| Try it |
Exactly as written, set down the lines from the top of the entries through the line bearing "За богослужением молились", with every picture left out.

| Dataset records |
§
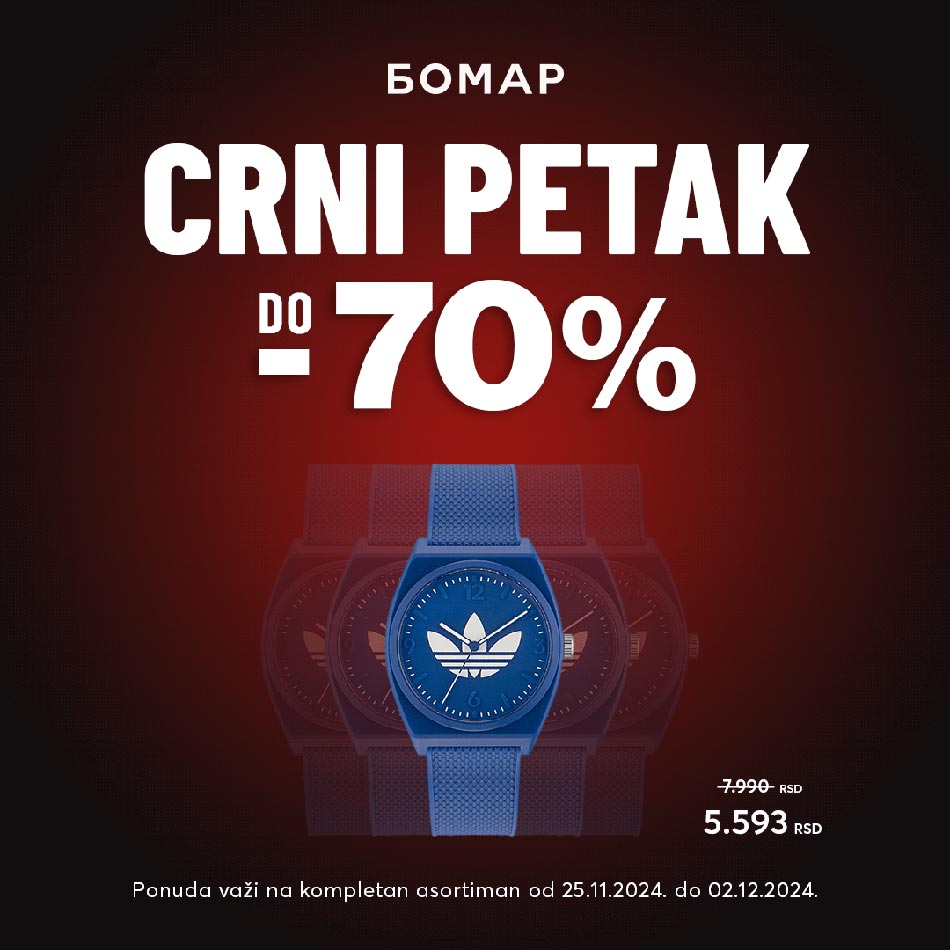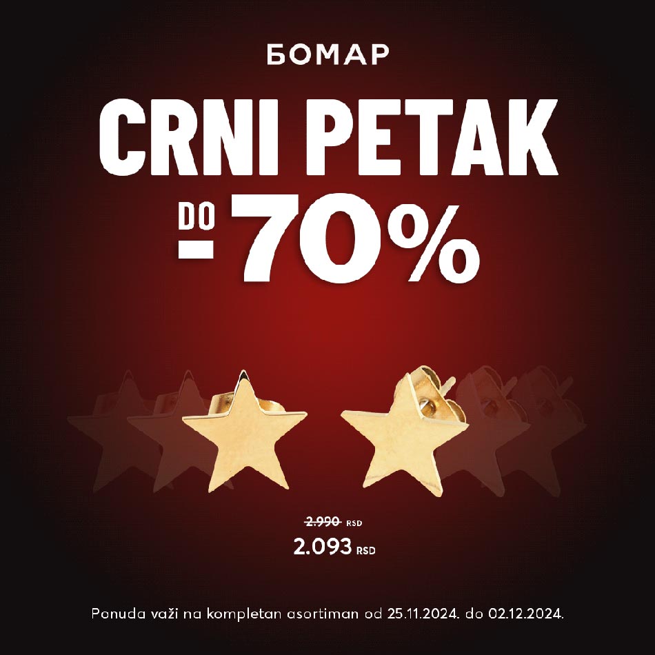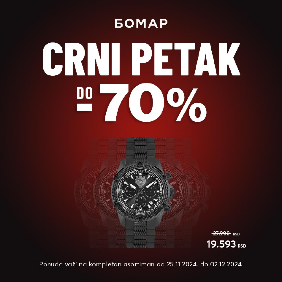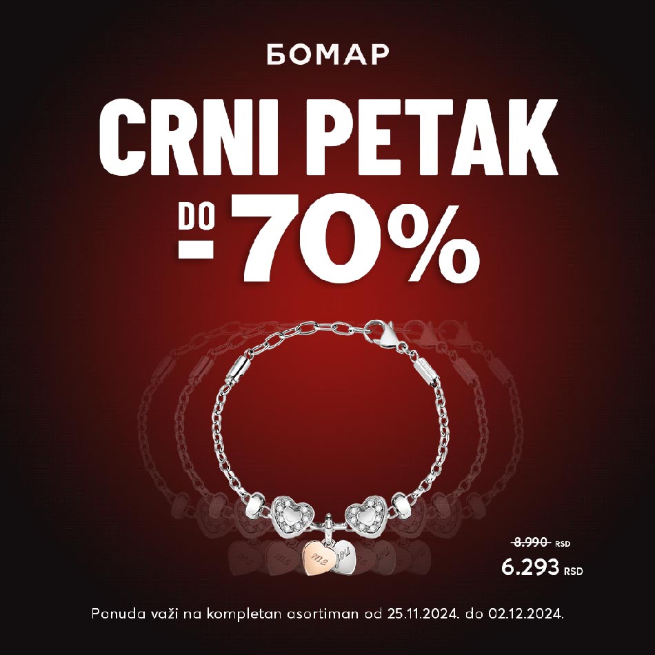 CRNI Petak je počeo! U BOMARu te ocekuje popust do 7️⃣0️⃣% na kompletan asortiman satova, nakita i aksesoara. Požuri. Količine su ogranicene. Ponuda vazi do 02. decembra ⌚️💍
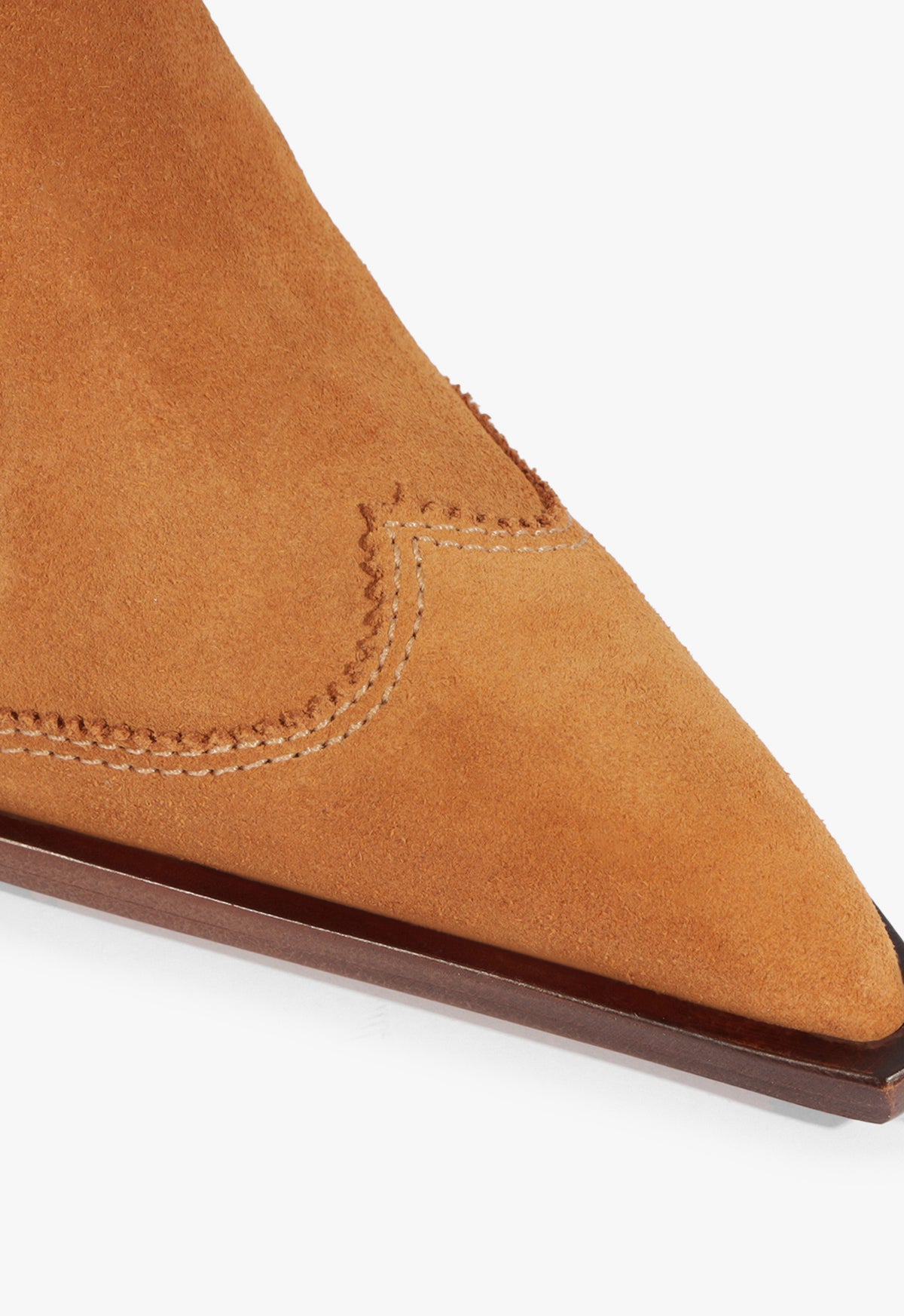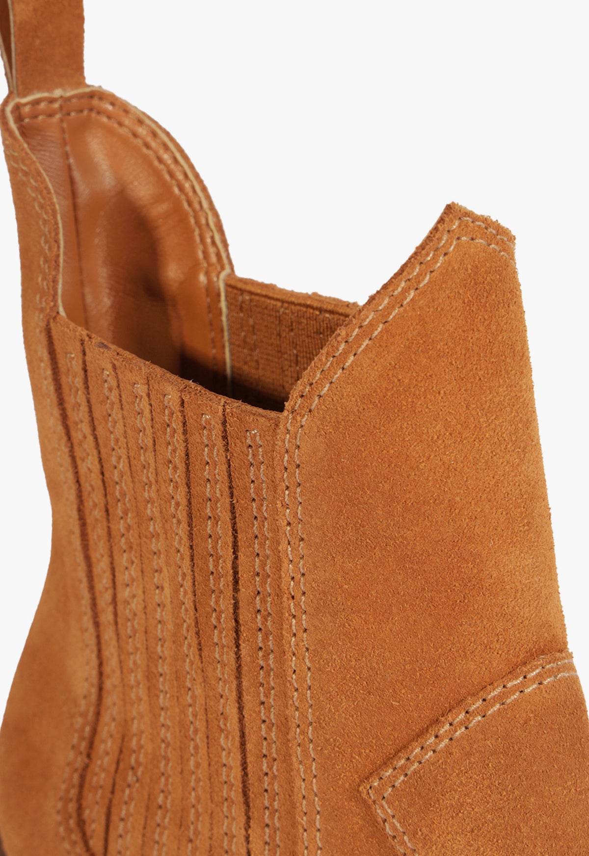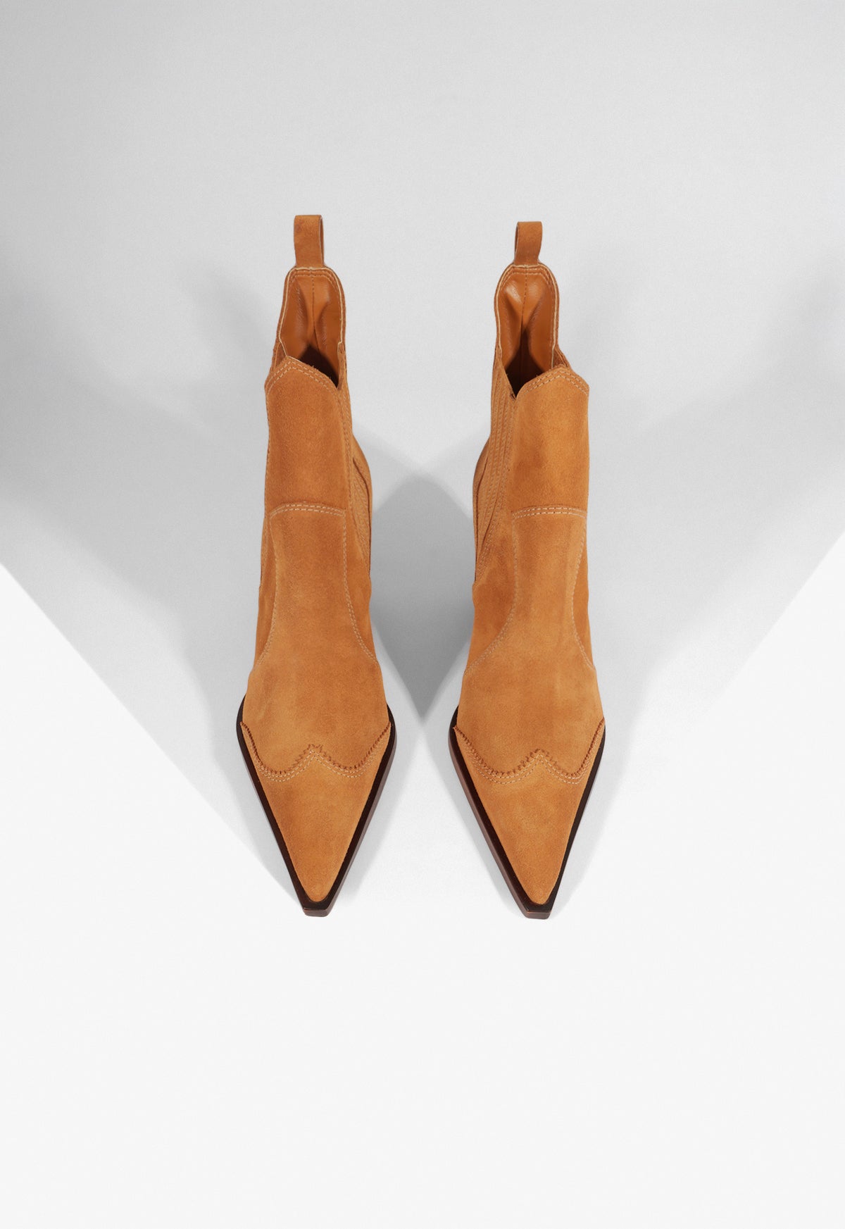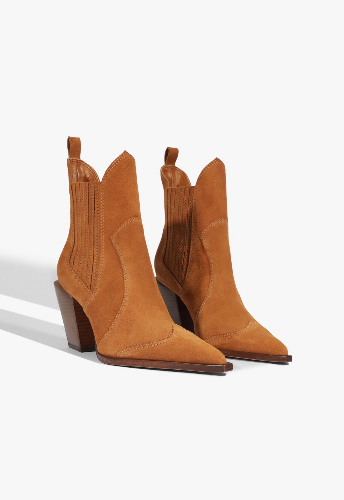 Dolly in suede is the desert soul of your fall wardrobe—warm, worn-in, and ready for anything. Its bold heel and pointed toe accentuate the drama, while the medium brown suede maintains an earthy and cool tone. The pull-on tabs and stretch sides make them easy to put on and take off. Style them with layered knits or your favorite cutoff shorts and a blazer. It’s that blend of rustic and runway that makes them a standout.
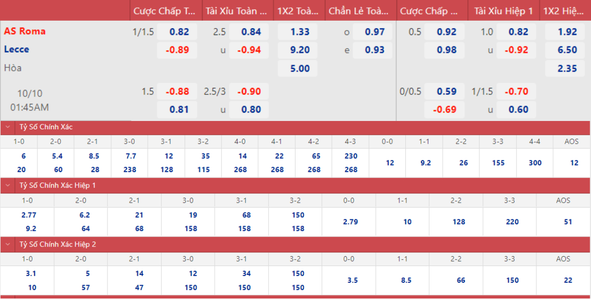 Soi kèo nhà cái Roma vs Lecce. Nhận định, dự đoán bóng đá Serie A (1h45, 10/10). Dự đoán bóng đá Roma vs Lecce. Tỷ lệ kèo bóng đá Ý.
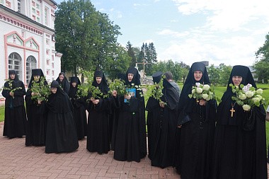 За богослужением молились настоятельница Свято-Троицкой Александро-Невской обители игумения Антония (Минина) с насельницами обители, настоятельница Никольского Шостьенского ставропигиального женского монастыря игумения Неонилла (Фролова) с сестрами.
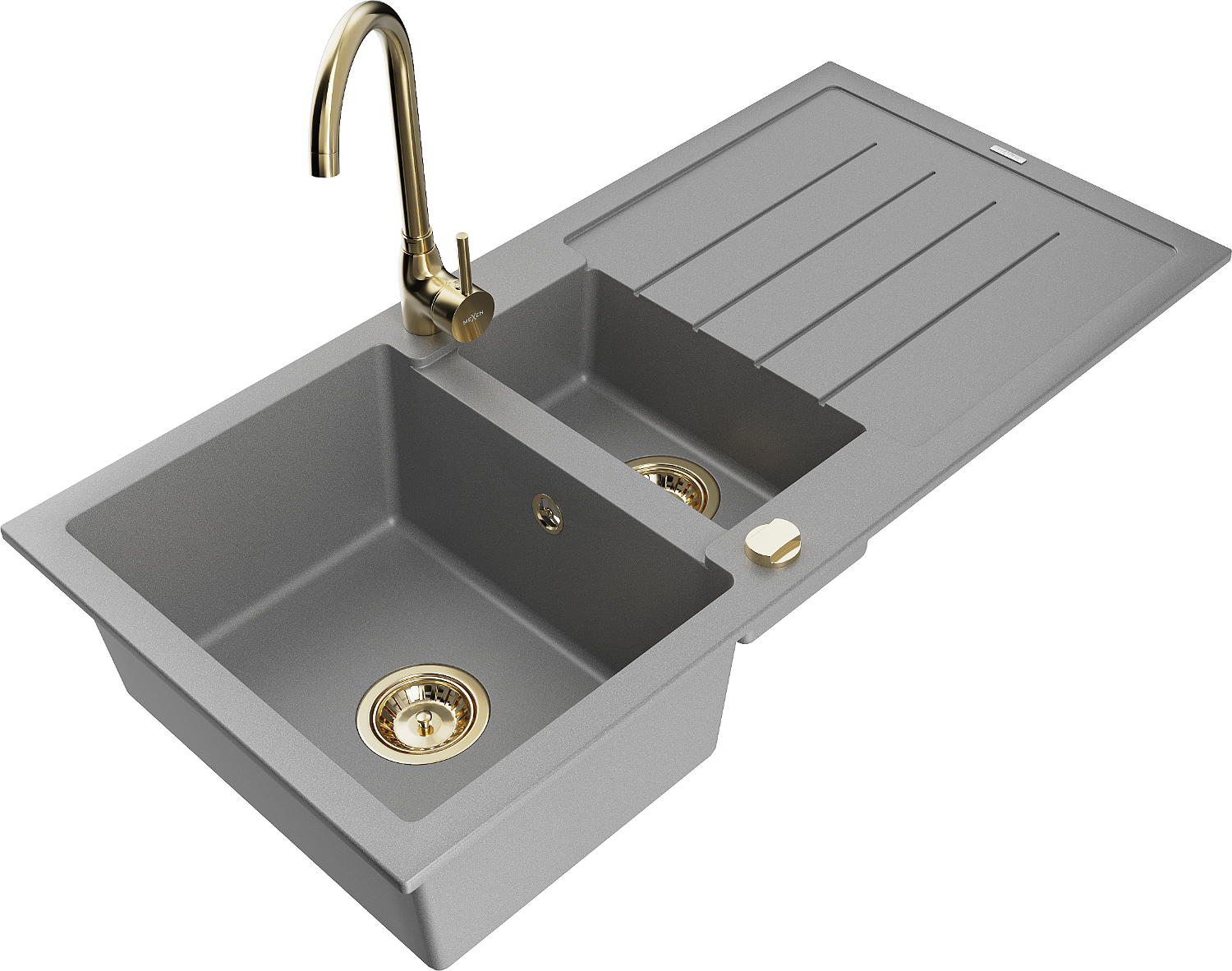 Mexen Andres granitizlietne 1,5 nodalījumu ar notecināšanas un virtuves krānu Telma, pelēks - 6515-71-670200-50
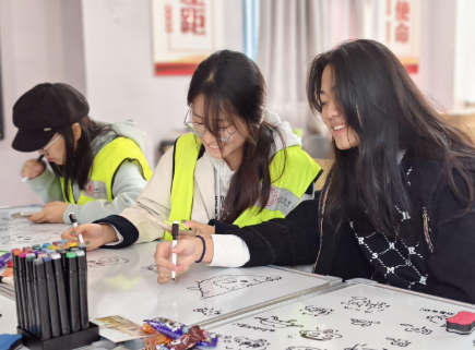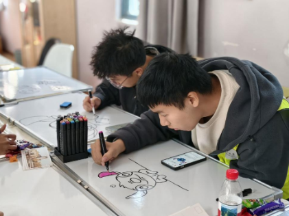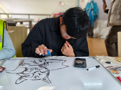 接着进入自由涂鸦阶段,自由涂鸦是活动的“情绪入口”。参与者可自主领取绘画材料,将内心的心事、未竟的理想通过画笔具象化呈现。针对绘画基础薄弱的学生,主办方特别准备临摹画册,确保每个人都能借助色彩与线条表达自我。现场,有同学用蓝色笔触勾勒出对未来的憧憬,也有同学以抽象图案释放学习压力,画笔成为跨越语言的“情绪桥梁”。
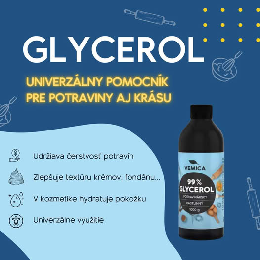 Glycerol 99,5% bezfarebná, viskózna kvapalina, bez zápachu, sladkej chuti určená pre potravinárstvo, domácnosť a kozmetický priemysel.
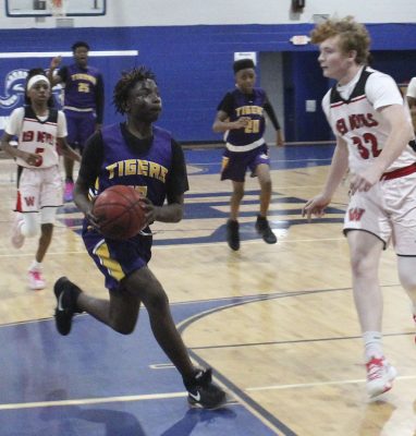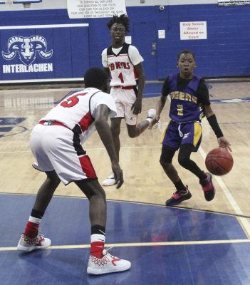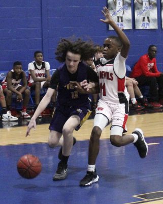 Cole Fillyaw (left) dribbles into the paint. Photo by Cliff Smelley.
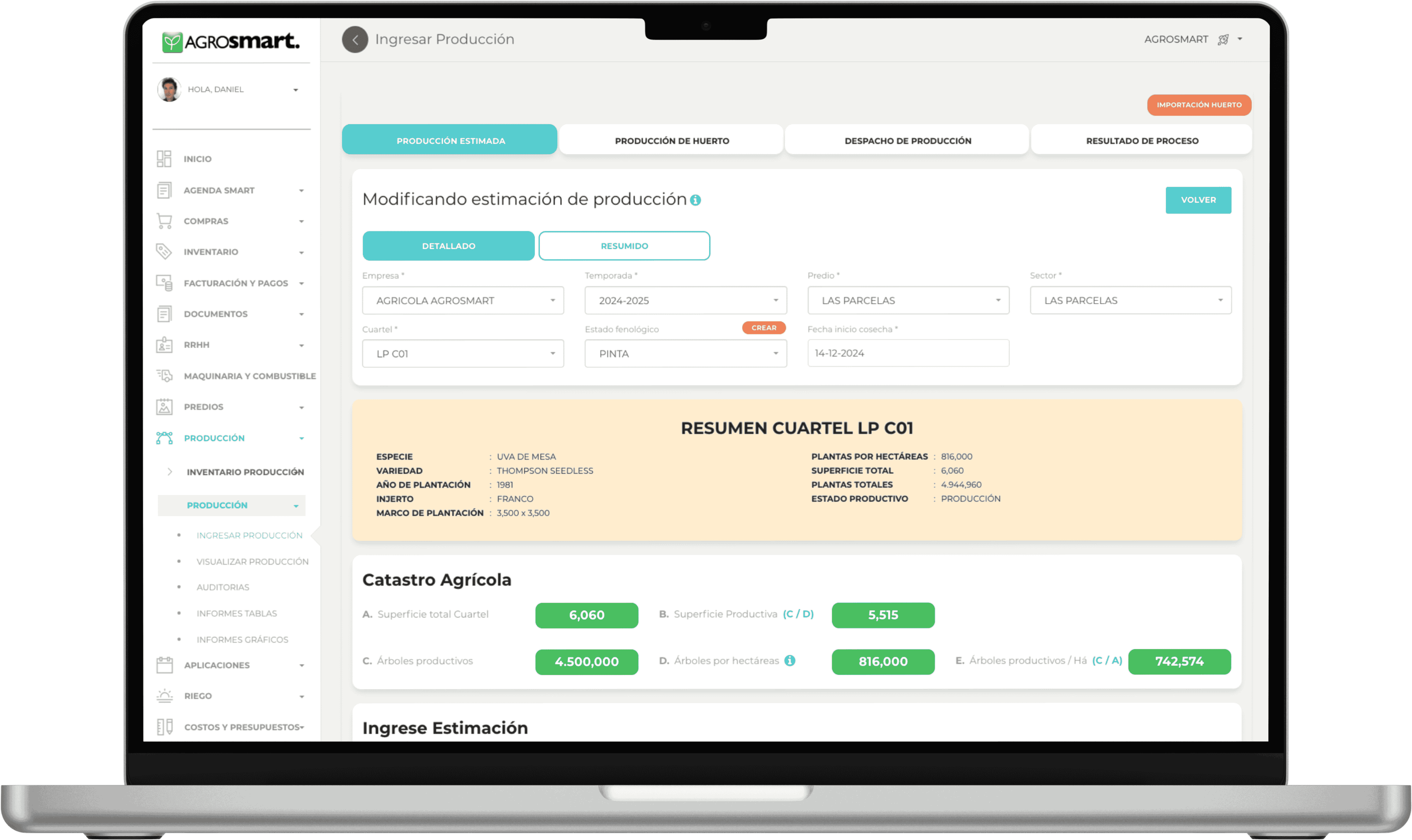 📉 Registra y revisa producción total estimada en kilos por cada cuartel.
§
| Solution for this task |
 CRNI Petak je počeo! U BOMARu te ocekuje popust do 7️⃣0️⃣% na kompletan asortiman satova, nakita i aksesoara. Požuri. Količine su ogranicene. Ponuda vazi do 02. decembra ⌚️💍
 Dolly in suede is the desert soul of your fall wardrobe—warm, worn-in, and ready for anything. Its bold heel and pointed toe accentuate the drama, while the medium brown suede maintains an earthy and cool tone. The pull-on tabs and stretch sides make them easy to put on and take off. Style them with layered knits or your favorite cutoff shorts and a blazer. It’s that blend of rustic and runway that makes them a standout.
 Soi kèo nhà cái Roma vs Lecce. Nhận định, dự đoán bóng đá Serie A (1h45, 10/10). Dự đoán bóng đá Roma vs Lecce. Tỷ lệ kèo bóng đá Ý.
 За богослужением молились настоятельница Свято-Троицкой Александро-Невской обители игумения Антония (Минина) с насельницами обители, настоятельница Никольского Шостьенского ставропигиального женского монастыря игумения Неонилла (Фролова) с сестрами.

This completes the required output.